If you are choosing a house and want to talk through neighborhoods, locations, and what the off-campus experience actually looks like, we are happy to help. Our properties on Carlton, Montclair, and Thomas are in the heart of the student area — well-maintained, well-located, and managed by landlords who take tenant safety seriously.

Reach out any time. Text us at 484-206-5522 or use our contact form to schedule a tour or ask questions about any of our properties.

Frequently Asked Questions

Is it safe to live off campus near Lehigh University?

South Bethlehem is a real urban neighborhood, not a campus bubble. The streets immediately adjacent to Lehigh — Carlton Avenue, Montclair Avenue, Thomas Street, and Vine Street — see regular LUPD and Bethlehem PD patrols and have a strong student presence. Like any urban area, basic awareness matters: lock your doors, travel in groups at night, and don't leave valuables visible in your car. Students who are reasonably cautious and engaged in their environment generally have a safe experience living off campus.

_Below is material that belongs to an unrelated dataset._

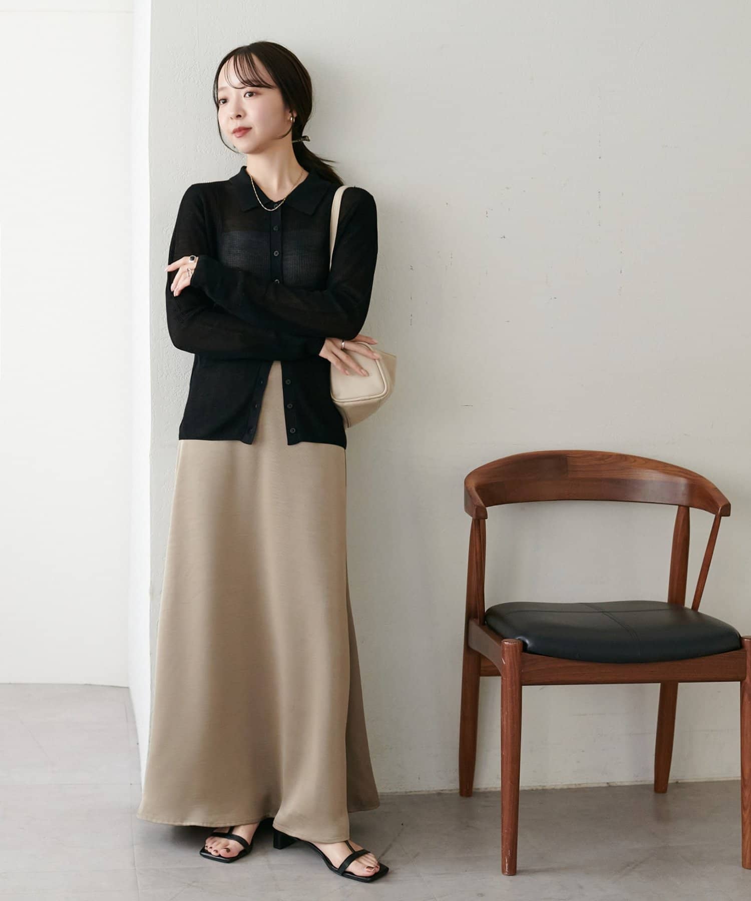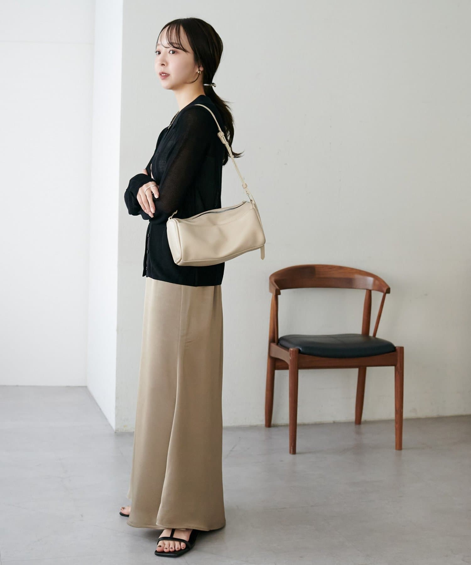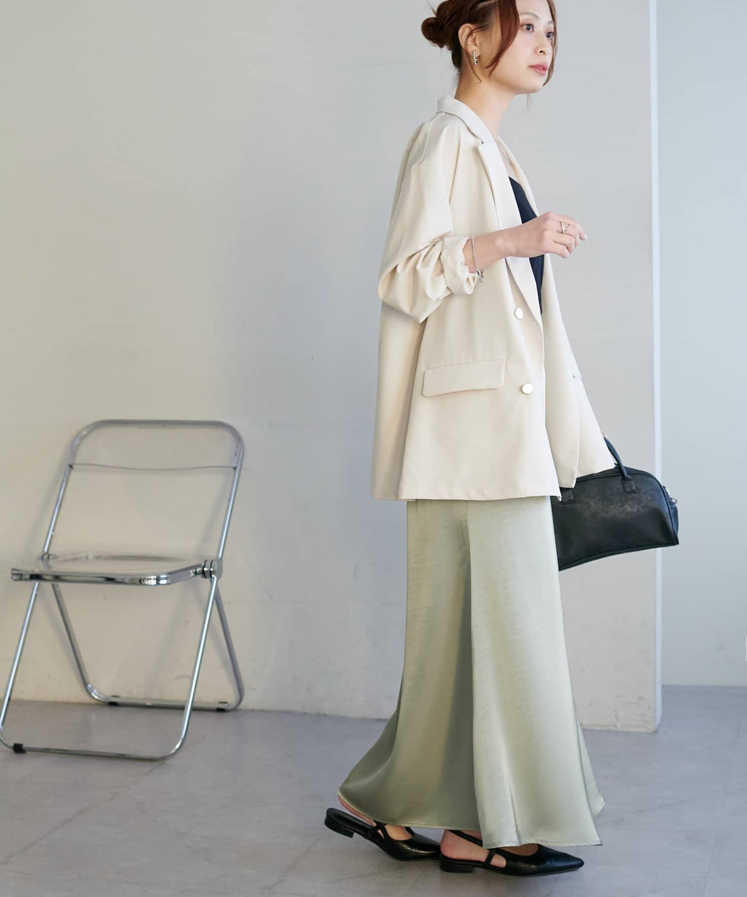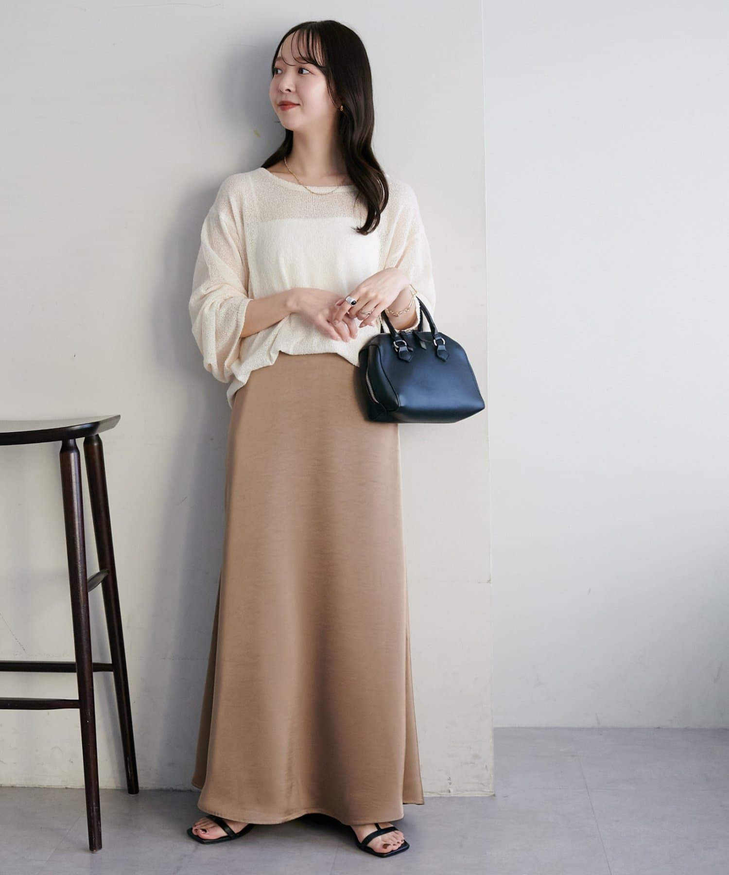 ・上品なツヤ感が特徴的なサテンスカート。

What is the HawkWatch app?

HawkWatch is Lehigh University's personal safety app. It provides real-time campus safety alerts, lets you request a walking escort from LUPD, and gives you a direct emergency call button. It is available for free on iOS and Android. Every Lehigh student living off campus should have it installed. The app works in the off-campus area around South Bethlehem, not just the main campus footprint.

Does Lehigh University Police patrol off-campus areas?

Yes. LUPD patrols the areas surrounding campus, including the main off-campus student housing streets in South Bethlehem. LUPD also coordinates with the Bethlehem Police Department on off-campus incidents. You can register your off-campus address with LUPD to request additional patrols during school breaks.

What should students do before moving into an off-campus house?

Do a safety walk-through: check that all exterior door locks work, window locks are functional, porch lights are operational, and smoke and CO detectors are present and working. Ask your landlord to rekey the locks before you move in, and document everything with photos sent to your landlord on day one.

How can parents help their Lehigh student stay safe off campus?

The most useful things: make sure your student has HawkWatch installed, discuss basic home security habits before move-in, and verify working smoke and CO detectors at move-in. Review the lease for safety responsibilities before signing — our parent's guide to Lehigh off-campus housing covers exactly what to look for.

What should students do if something goes wrong off campus?

For emergencies, call 911 immediately. Non-emergency incidents can be reported to Bethlehem Police (610-865-7187) or LUPD (610-758-4200). The HawkWatch app also allows you to report concerns and request support without calling. Do not delay calling for help — Lehigh's Good Samaritan policy provides amnesty from student conduct action when someone calls for help in a medical emergency.